Work instructions: Below, locate the line that contains "Foil balloon in". Repeat exactly from that line to the line that contains "Partial contents: Obituary: Professor", inclusive, leaving out the pictures.

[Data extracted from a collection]
== Segment start ==

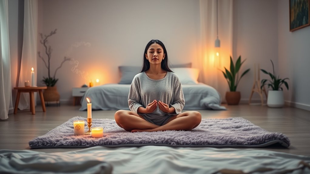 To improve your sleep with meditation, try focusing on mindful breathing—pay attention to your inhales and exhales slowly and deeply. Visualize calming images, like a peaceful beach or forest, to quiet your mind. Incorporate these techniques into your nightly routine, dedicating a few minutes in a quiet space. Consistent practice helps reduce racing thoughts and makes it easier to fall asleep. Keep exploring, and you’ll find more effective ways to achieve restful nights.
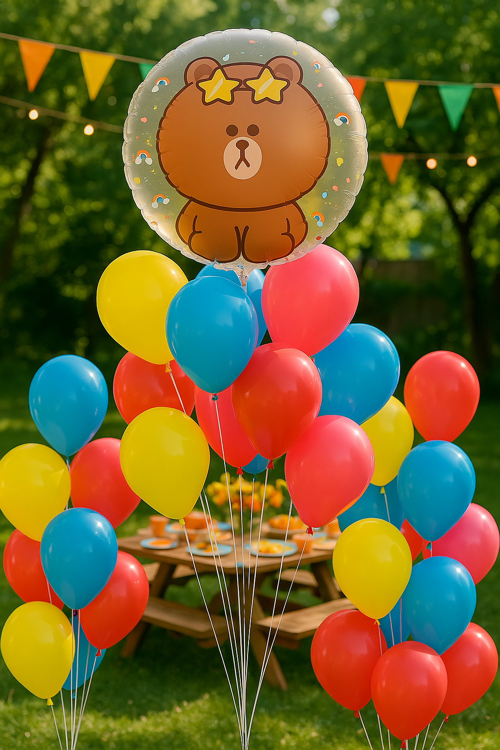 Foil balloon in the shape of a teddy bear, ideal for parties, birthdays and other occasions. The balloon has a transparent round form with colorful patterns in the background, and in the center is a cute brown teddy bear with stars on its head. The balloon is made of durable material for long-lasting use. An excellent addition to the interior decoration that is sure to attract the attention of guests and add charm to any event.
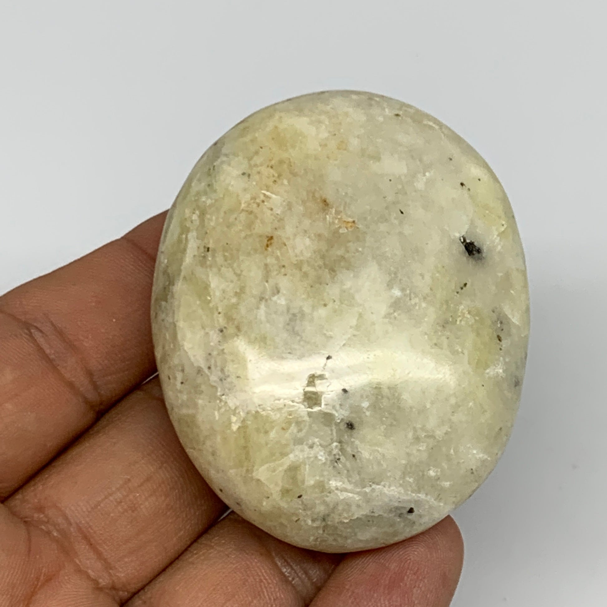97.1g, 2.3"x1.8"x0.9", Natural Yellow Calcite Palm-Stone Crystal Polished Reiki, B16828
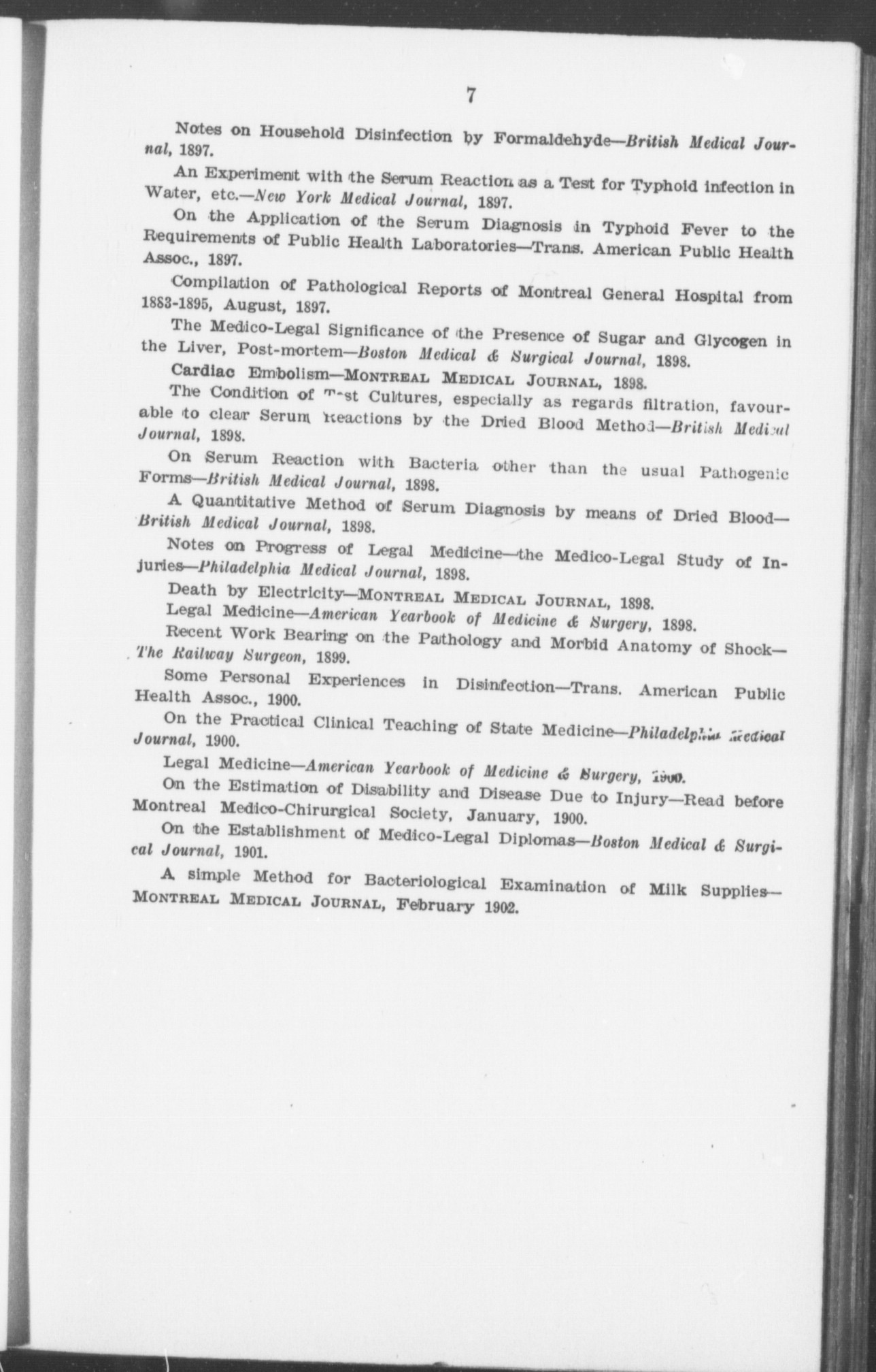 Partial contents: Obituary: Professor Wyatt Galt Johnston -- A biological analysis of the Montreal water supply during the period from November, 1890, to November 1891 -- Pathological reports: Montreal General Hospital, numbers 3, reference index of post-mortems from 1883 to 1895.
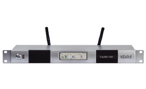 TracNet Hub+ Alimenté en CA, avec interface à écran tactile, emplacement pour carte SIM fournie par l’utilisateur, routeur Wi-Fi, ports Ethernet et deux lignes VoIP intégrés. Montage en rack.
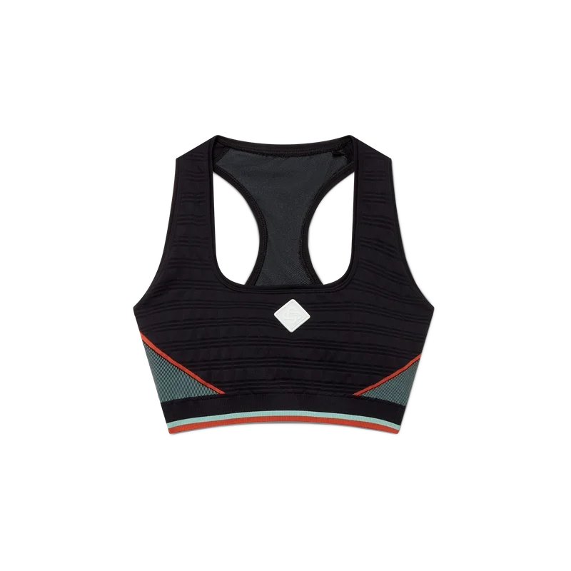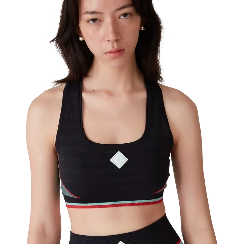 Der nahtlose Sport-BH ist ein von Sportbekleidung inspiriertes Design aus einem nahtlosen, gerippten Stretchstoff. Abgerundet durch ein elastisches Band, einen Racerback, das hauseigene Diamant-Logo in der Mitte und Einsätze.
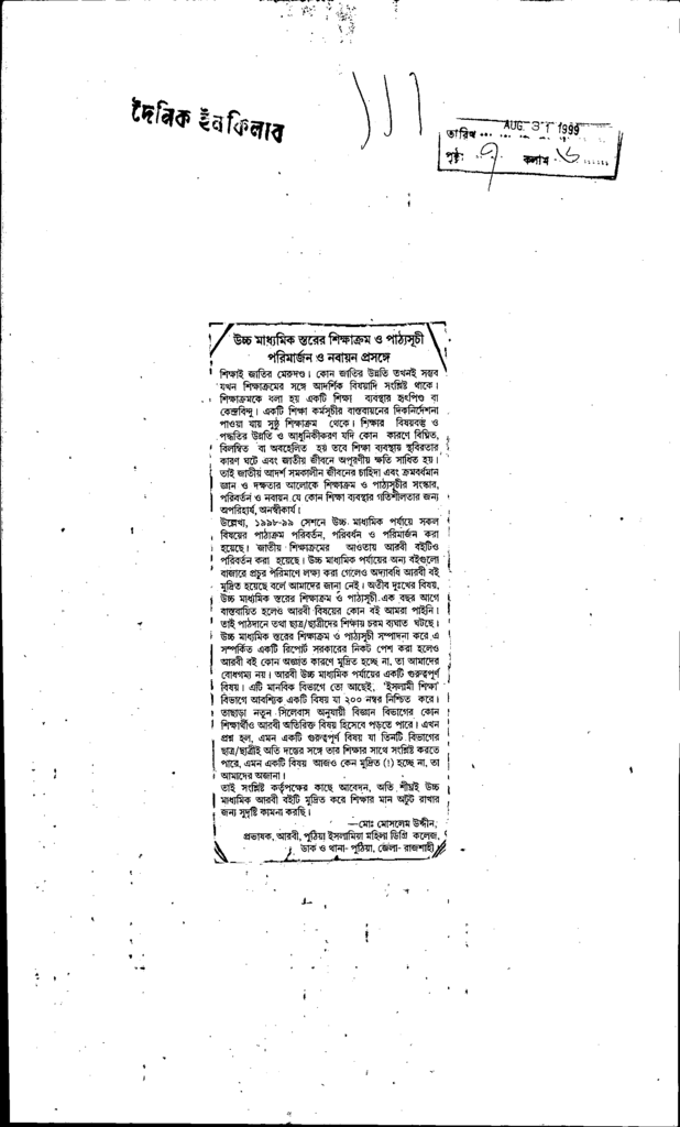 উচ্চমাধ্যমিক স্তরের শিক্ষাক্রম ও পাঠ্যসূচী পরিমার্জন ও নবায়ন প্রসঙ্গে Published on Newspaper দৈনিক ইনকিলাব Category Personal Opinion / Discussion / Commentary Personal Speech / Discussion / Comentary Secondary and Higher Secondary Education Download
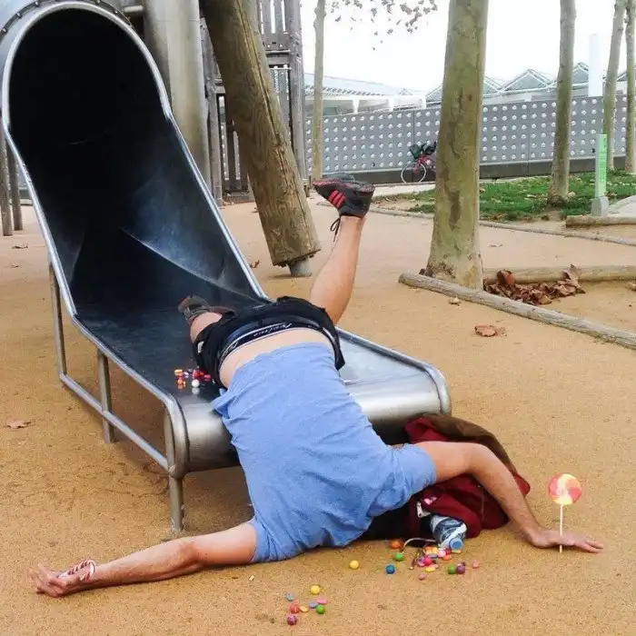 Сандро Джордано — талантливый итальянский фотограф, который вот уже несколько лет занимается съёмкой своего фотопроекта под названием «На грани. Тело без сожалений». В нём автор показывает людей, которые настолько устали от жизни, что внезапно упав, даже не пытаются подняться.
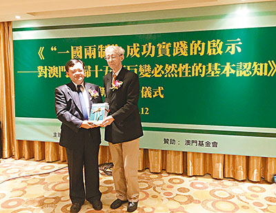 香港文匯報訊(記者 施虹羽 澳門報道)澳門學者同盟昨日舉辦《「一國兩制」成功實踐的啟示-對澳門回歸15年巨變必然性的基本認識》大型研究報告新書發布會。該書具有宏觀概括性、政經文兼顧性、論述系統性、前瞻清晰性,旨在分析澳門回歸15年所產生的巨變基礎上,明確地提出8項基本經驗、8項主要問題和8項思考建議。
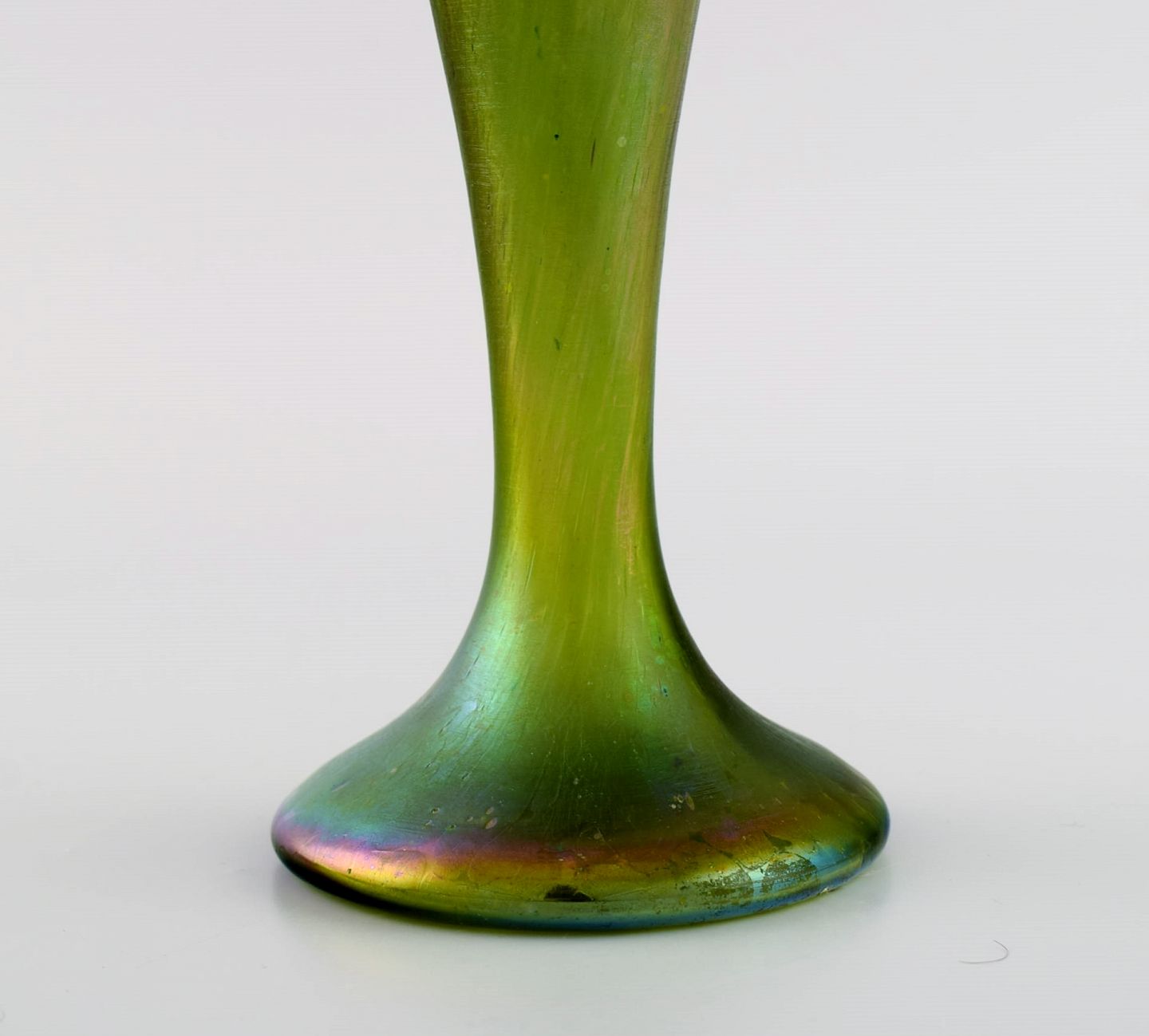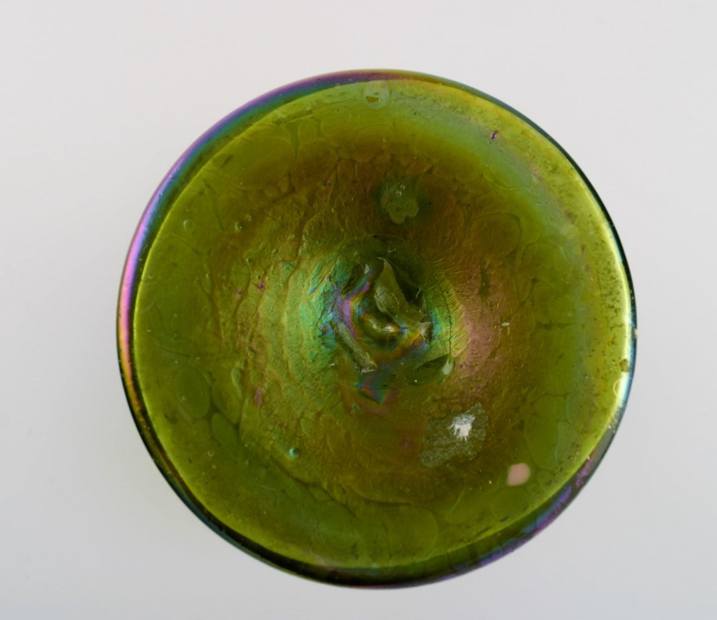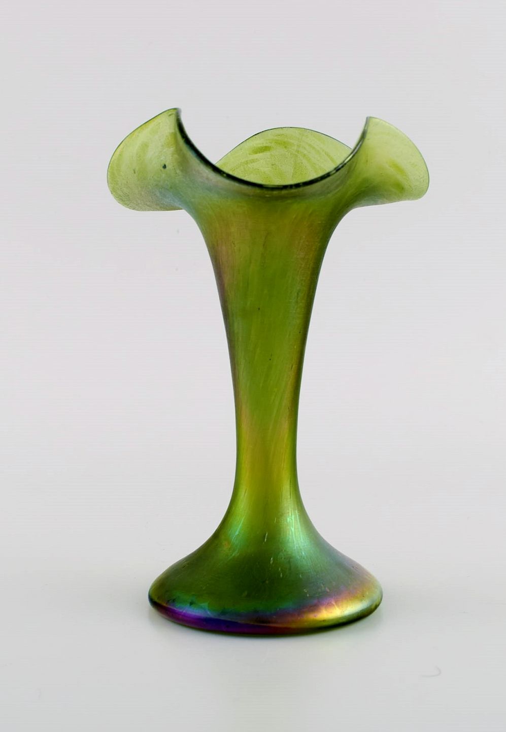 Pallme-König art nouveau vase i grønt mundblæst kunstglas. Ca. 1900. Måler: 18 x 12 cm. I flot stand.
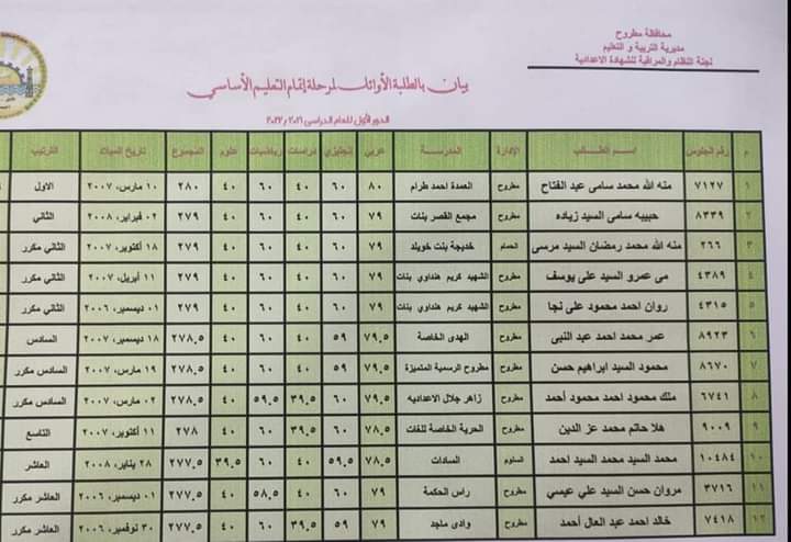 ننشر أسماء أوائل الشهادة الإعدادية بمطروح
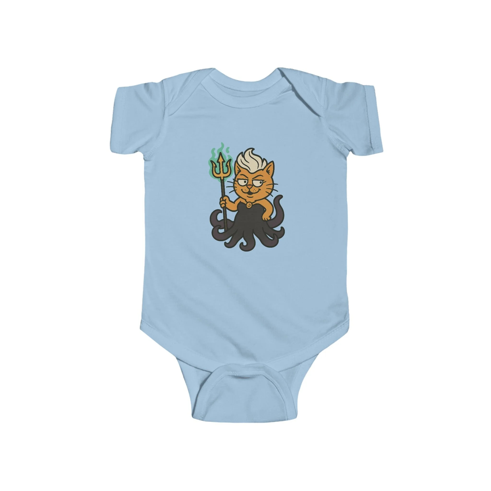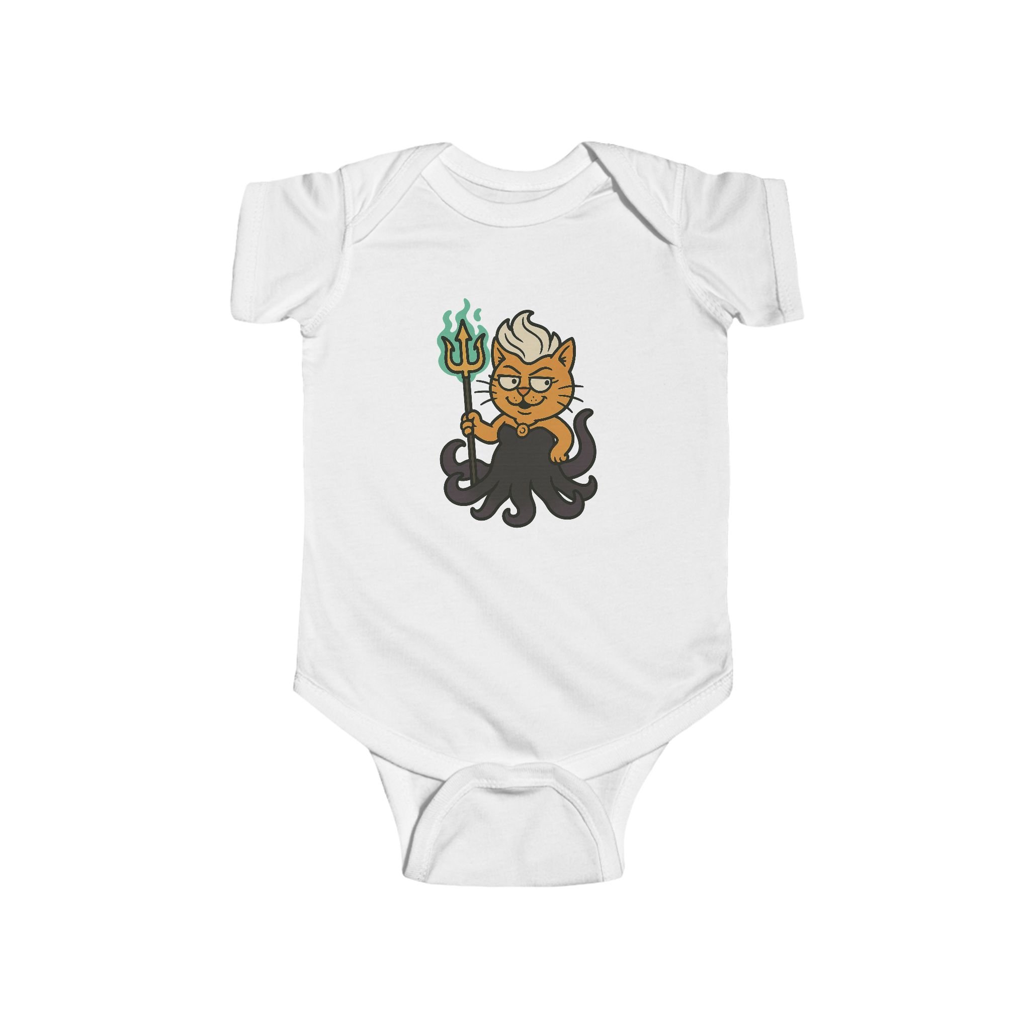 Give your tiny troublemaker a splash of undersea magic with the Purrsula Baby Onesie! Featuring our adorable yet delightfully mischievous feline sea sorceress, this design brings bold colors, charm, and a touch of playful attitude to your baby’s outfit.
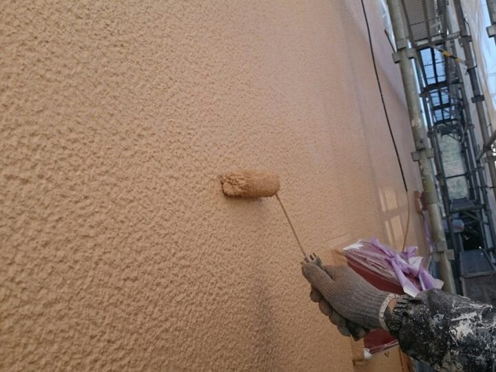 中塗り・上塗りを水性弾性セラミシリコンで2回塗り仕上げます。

== Segment end ==

Output:
 Foil balloon in the shape of a teddy bear, ideal for parties, birthdays and other occasions. The balloon has a transparent round form with colorful patterns in the background, and in the center is a cute brown teddy bear with stars on its head. The balloon is made of durable material for long-lasting use. An excellent addition to the interior decoration that is sure to attract the attention of guests and add charm to any event.
97.1g, 2.3"x1.8"x0.9", Natural Yellow Calcite Palm-Stone Crystal Polished Reiki, B16828
 Partial contents: Obituary: Professor Wyatt Galt Johnston -- A biological analysis of the Montreal water supply during the period from November, 1890, to November 1891 -- Pathological reports: Montreal General Hospital, numbers 3, reference index of post-mortems from 1883 to 1895.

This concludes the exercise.